## Exercise instructions
Taking only the lines of the data below from the line with "Setibanya di Makodim" to the line with "(a) Frequency domain", ends included, write them out exactly and without pictures.

## Source data
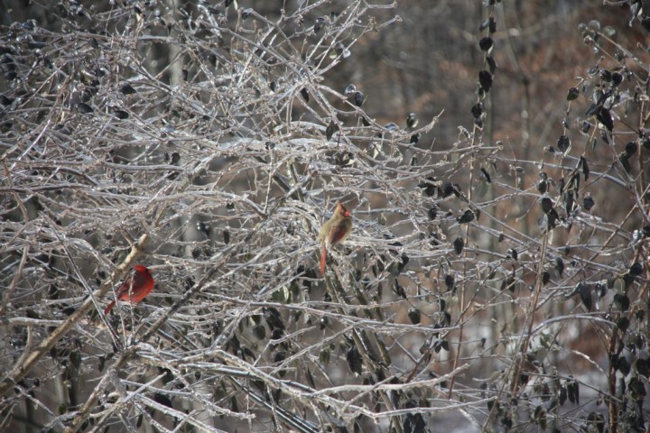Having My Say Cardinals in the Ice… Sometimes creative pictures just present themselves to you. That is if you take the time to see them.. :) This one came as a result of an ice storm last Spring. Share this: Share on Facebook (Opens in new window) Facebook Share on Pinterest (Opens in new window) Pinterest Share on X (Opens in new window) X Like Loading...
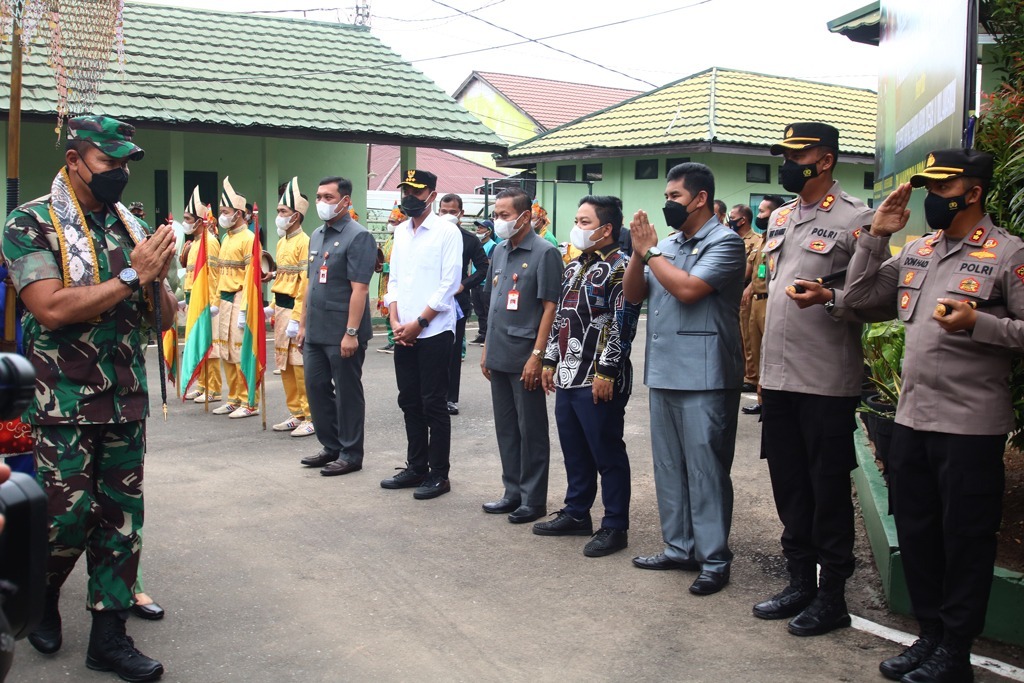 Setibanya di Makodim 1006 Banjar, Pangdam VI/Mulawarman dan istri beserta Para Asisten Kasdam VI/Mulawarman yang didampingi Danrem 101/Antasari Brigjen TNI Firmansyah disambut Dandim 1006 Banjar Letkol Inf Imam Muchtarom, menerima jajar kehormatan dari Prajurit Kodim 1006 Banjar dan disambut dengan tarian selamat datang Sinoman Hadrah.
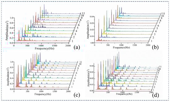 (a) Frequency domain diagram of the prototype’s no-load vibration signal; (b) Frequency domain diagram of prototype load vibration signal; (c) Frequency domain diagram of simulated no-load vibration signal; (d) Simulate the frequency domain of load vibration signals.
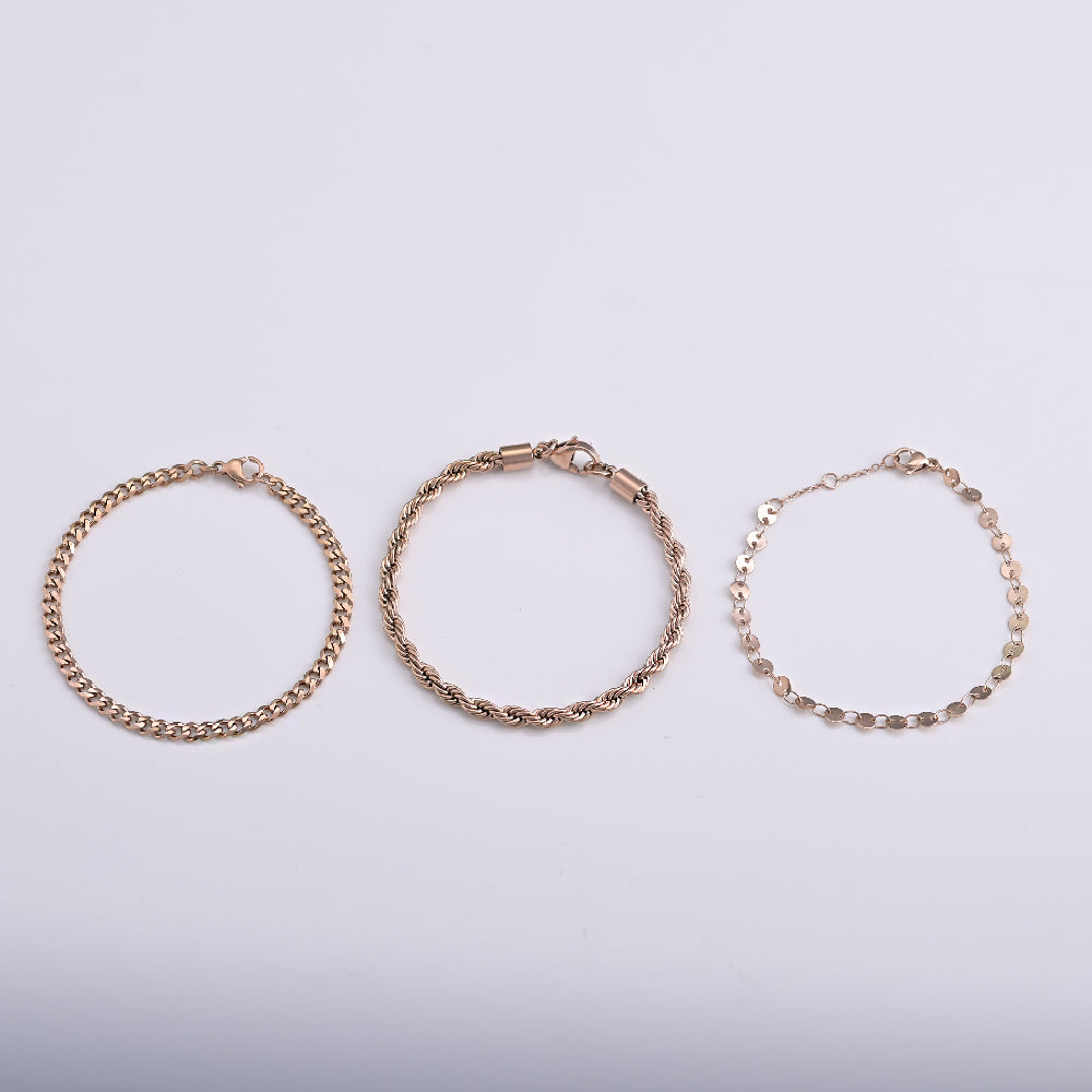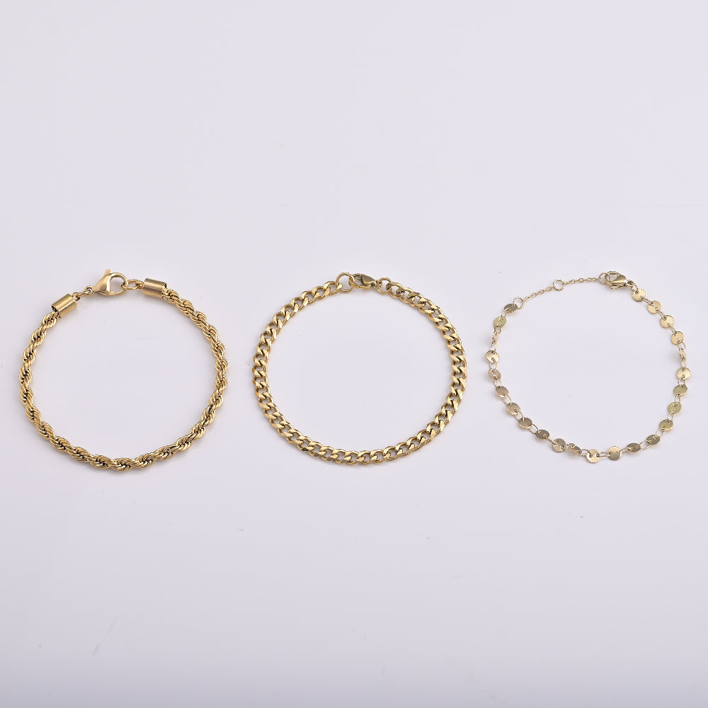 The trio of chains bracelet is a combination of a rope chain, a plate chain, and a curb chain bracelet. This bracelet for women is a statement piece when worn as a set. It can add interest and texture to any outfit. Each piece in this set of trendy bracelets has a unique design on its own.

## Task answer
 Setibanya di Makodim 1006 Banjar, Pangdam VI/Mulawarman dan istri beserta Para Asisten Kasdam VI/Mulawarman yang didampingi Danrem 101/Antasari Brigjen TNI Firmansyah disambut Dandim 1006 Banjar Letkol Inf Imam Muchtarom, menerima jajar kehormatan dari Prajurit Kodim 1006 Banjar dan disambut dengan tarian selamat datang Sinoman Hadrah.
 (a) Frequency domain diagram of the prototype’s no-load vibration signal; (b) Frequency domain diagram of prototype load vibration signal; (c) Frequency domain diagram of simulated no-load vibration signal; (d) Simulate the frequency domain of load vibration signals.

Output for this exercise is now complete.